The data.

============

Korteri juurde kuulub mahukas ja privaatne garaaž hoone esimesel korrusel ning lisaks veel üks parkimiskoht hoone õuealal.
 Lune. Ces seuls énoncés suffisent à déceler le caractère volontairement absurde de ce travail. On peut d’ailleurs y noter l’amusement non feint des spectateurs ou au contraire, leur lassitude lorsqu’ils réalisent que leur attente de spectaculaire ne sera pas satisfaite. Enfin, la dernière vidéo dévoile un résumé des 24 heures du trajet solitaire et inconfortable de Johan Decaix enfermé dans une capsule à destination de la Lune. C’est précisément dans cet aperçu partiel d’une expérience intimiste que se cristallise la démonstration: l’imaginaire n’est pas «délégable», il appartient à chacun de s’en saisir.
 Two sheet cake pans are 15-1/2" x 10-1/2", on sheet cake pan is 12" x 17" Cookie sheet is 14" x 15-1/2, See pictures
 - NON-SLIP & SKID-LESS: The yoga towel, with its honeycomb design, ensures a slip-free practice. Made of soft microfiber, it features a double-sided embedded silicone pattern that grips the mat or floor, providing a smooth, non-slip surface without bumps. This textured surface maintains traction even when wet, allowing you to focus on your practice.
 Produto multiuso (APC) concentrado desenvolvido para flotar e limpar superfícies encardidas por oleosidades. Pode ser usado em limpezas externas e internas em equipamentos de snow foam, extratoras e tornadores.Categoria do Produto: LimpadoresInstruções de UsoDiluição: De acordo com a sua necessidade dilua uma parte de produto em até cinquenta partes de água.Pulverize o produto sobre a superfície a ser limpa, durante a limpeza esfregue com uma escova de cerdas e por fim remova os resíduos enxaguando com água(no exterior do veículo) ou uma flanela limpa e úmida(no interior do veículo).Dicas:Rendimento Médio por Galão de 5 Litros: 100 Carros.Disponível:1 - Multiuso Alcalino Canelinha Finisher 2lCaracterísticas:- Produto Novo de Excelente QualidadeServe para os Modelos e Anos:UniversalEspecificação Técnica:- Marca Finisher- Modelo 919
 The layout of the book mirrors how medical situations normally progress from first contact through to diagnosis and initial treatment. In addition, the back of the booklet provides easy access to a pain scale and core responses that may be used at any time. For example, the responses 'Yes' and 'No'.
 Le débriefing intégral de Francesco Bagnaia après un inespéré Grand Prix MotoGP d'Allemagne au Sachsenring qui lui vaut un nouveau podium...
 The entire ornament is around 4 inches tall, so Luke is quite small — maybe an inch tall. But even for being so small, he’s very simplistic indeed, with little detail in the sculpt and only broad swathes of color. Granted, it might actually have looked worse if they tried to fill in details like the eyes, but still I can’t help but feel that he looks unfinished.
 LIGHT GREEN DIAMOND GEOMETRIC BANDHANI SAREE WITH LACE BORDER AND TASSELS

============

What you are asked to do.
Each record must be transcribed exactly, with nothing left out.

Answer section.
Korteri juurde kuulub mahukas ja privaatne garaaž hoone esimesel korrusel ning lisaks veel üks parkimiskoht hoone õuealal.
 Lune. Ces seuls énoncés suffisent à déceler le caractère volontairement absurde de ce travail. On peut d’ailleurs y noter l’amusement non feint des spectateurs ou au contraire, leur lassitude lorsqu’ils réalisent que leur attente de spectaculaire ne sera pas satisfaite. Enfin, la dernière vidéo dévoile un résumé des 24 heures du trajet solitaire et inconfortable de Johan Decaix enfermé dans une capsule à destination de la Lune. C’est précisément dans cet aperçu partiel d’une expérience intimiste que se cristallise la démonstration: l’imaginaire n’est pas «délégable», il appartient à chacun de s’en saisir.
 Two sheet cake pans are 15-1/2" x 10-1/2", on sheet cake pan is 12" x 17" Cookie sheet is 14" x 15-1/2, See pictures
 - NON-SLIP & SKID-LESS: The yoga towel, with its honeycomb design, ensures a slip-free practice. Made of soft microfiber, it features a double-sided embedded silicone pattern that grips the mat or floor, providing a smooth, non-slip surface without bumps. This textured surface maintains traction even when wet, allowing you to focus on your practice.
 Produto multiuso (APC) concentrado desenvolvido para flotar e limpar superfícies encardidas por oleosidades. Pode ser usado em limpezas externas e internas em equipamentos de snow foam, extratoras e tornadores.Categoria do Produto: LimpadoresInstruções de UsoDiluição: De acordo com a sua necessidade dilua uma parte de produto em até cinquenta partes de água.Pulverize o produto sobre a superfície a ser limpa, durante a limpeza esfregue com uma escova de cerdas e por fim remova os resíduos enxaguando com água(no exterior do veículo) ou uma flanela limpa e úmida(no interior do veículo).Dicas:Rendimento Médio por Galão de 5 Litros: 100 Carros.Disponível:1 - Multiuso Alcalino Canelinha Finisher 2lCaracterísticas:- Produto Novo de Excelente QualidadeServe para os Modelos e Anos:UniversalEspecificação Técnica:- Marca Finisher- Modelo 919
 The layout of the book mirrors how medical situations normally progress from first contact through to diagnosis and initial treatment. In addition, the back of the booklet provides easy access to a pain scale and core responses that may be used at any time. For example, the responses 'Yes' and 'No'.
 Le débriefing intégral de Francesco Bagnaia après un inespéré Grand Prix MotoGP d'Allemagne au Sachsenring qui lui vaut un nouveau podium...
 The entire ornament is around 4 inches tall, so Luke is quite small — maybe an inch tall. But even for being so small, he’s very simplistic indeed, with little detail in the sculpt and only broad swathes of color. Granted, it might actually have looked worse if they tried to fill in details like the eyes, but still I can’t help but feel that he looks unfinished.
 LIGHT GREEN DIAMOND GEOMETRIC BANDHANI SAREE WITH LACE BORDER AND TASSELS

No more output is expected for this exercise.